If there is still time, implement the Pooled Data Engine – an abstraction that works on top of the DDE to further improve efficiency for short data resources

Note that there won’t be any code initially, not until internals are thoroughly tested and finalized. The source will become open when the API is complete and stable, and the project is ready for contributions. Due to the nature of the project tho, I do not expect a lot of contributions to happen to its written code base, but rather internally, through the tool itself. The initial C/C++ code base will eventually be re-implemented in UM as well.

I will provide progress updates, test results, case studies and even binaries to run tests and benchmarks. I will need help testing things at scale, because my system has only 24 gigs of ram.

I will try to provide an alpha release before the end of November and a functionally usable beta version before the year ends.

Now back to work, I will come back when there is progress to report.

ablebit · October 21, 2021, 6:29pm

220 lines of code later, I have a reference implementation of the DDE and some of its tests. It is naive, totally unoptimized and not overly efficient, and that’s actually intentional. The idea is to use that initially, so later on I can test it against the real deal.

It is based on std::vector, and as such has two main drawbacks:

for short vectors, the idiomatic “3 pointer” solution + the overhead of heap allocation constitute significant overhead, even if not present in the initial test loops, because windows apparently preallocates some memory for each new running process, and it does take some allocations to go through
for long vectors, the automatic resizing policy tends to allocate a lot of excess memory, so while the pointer bookkeeping overhead is mitigated as the vector grows, that excess memory actually degrades efficiency even further

Here is a chart of the access latency:

The x axis is effective footprint, the y axis is access latency in nanoseconds. It is fairly flat until 8 mb, which is how much L3 cache my computer has, which according to aida 64 has around 10 ns of latency. The measured access latency is below 20 ns, there is some overhead due to cache pollution and the DDE access guards, it is honestly not that bad.

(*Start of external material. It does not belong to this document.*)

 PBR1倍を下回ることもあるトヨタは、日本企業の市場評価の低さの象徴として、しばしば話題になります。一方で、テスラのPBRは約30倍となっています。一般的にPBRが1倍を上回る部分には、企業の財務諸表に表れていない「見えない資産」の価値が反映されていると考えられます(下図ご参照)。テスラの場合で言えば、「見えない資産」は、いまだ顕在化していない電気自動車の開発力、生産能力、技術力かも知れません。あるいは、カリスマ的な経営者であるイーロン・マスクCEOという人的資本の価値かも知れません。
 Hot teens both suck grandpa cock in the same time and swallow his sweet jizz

As the footprint increases, access latency plateaus to about 65 ns, which is exactly as much overhead over my ram latency as for the L3 cache - the penalty is constant and amortized, going into full cache miss mode.

Memory efficiency is quite low, this test peaks at 268435458 data items, split around 27718037 data resources, averaging around 10 items per resource, and a measured storage efficiency of 58%, and a quite significant overhead of 42%.

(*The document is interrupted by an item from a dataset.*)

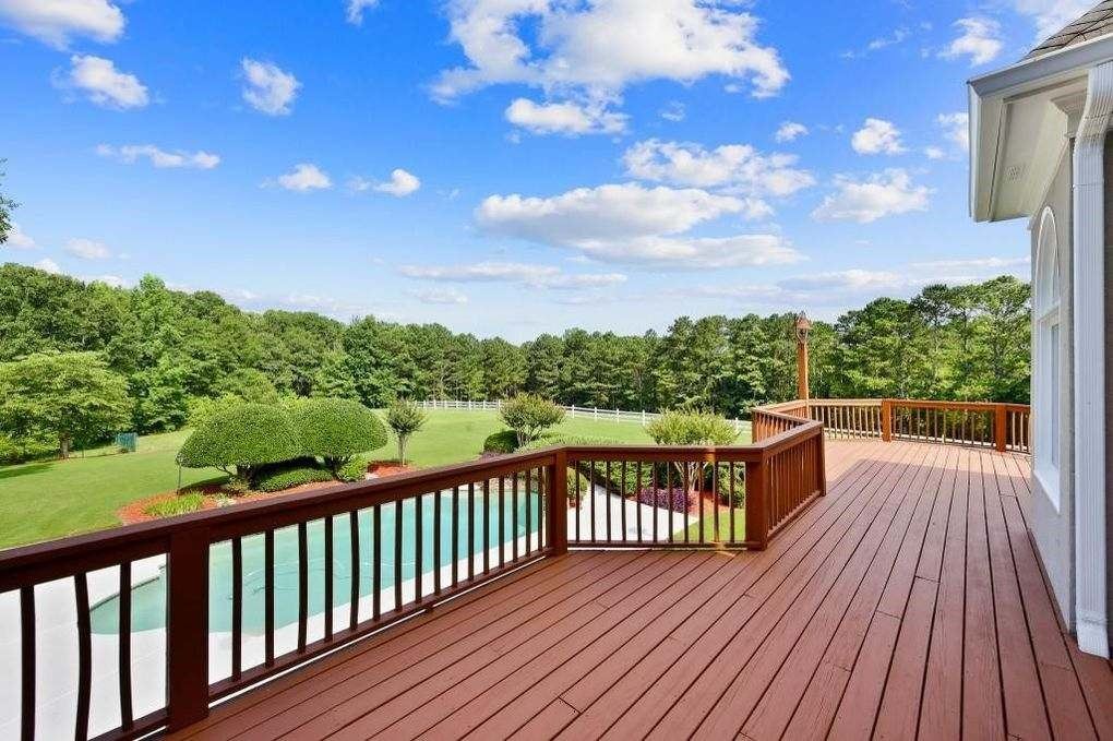 The house also has a pool, and a deck overlooking the beautiful grounds. There are also outdoor games available, such as cornhole, and badminton. Guests can also enjoy access to the nature trails, which are perfect for hiking, biking, or horseback riding.

Not great, not terrible, perfectly usable.

Here is a windows executable on the odd chance someone is keen on running random exes from the internet. This test doesn’t push very far, only about 2.5 GB in total, but it may be of value to see if everything is as platform portable as it should - the test will fail if integrity checks do not pass. Also, it will be nice to see how it works on a more modern system, I am running this on a friggin 3770k. The test shouldn’t take more than a minute, unless you are running something even slower.

umtest.zip (301.2 KB)

I’d appreciate it if those that decide to run it post at lease the last few lines.

Next up I will investigate for low hanging fruit optimization-wise, before moving ahead with the next goal.

ablebit · October 22, 2021, 5:19am

I messed up that last one a bit.

I forgot that I changed the formula for eff to actually show the overhead, but not the label.

So the overhead in the end of the test is not 42% but 58%, making it slightly worse.

What mislead me was that I didn’t really expect out of the box vector solution to waste more memory than it uses. We do look up to C++ for efficiency after all…

ablebit · October 23, 2021, 4:27am

Witnessing the overhead of the reference implementation, I couldn’t resist pitting it against a custom proof of concept solution I wrote a couple of months back, which wasn’t thoroughly tested until now. Seems like a good opportunity to check the integrity of the latter vs the reference implementation, since after all, std::vector is a thoroughly tested industry standard. So I modified the APIs of both implementation so I can run them through the same test suite.

Since the custom solution proved to be reliable by producing identical data checksum results as the reference, I decided to do a case study on the difference in the performance characteristics.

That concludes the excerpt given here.